▶ **Supplied entries**:
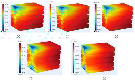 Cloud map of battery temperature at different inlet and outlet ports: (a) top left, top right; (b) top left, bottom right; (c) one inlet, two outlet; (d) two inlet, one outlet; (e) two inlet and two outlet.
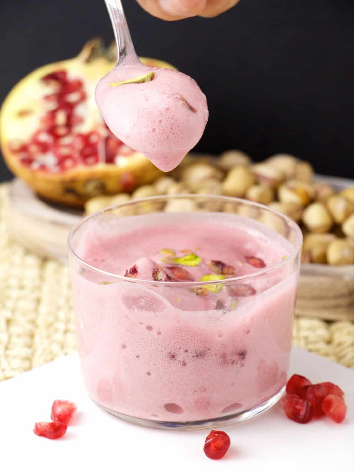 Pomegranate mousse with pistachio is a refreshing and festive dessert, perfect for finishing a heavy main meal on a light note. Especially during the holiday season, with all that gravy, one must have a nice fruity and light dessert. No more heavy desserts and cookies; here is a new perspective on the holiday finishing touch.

--

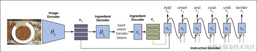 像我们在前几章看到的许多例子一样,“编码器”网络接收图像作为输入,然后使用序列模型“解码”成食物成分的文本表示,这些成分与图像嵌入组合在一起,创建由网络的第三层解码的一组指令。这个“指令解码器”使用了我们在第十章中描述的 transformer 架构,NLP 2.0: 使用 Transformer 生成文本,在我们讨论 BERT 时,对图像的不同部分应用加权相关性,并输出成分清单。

---

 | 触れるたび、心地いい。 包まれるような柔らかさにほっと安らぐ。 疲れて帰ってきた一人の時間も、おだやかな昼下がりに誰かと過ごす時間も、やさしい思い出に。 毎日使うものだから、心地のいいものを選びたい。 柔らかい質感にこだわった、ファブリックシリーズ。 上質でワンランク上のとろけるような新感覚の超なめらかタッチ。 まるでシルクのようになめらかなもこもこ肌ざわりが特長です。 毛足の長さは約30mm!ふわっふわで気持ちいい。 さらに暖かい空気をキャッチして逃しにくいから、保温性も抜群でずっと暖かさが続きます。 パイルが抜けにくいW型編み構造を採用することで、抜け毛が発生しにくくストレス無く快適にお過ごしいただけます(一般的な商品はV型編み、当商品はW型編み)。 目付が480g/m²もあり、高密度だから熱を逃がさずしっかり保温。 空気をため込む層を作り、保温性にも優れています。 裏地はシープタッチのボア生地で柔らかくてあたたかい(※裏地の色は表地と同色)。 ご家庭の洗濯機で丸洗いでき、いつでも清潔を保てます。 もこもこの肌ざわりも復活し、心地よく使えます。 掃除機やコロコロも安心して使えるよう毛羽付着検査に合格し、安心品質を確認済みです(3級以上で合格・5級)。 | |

▶ **What you are asked to do**:
Your reply should consist solely of the lines above from the line containing "Cloud map of" up to and including the line containing "Pomegranate mousse with", reproduced exactly, minus the pictures.

▶ **Solution for this task**:
 Cloud map of battery temperature at different inlet and outlet ports: (a) top left, top right; (b) top left, bottom right; (c) one inlet, two outlet; (d) two inlet, one outlet; (e) two inlet and two outlet.
 Pomegranate mousse with pistachio is a refreshing and festive dessert, perfect for finishing a heavy main meal on a light note. Especially during the holiday season, with all that gravy, one must have a nice fruity and light dessert. No more heavy desserts and cookies; here is a new perspective on the holiday finishing touch.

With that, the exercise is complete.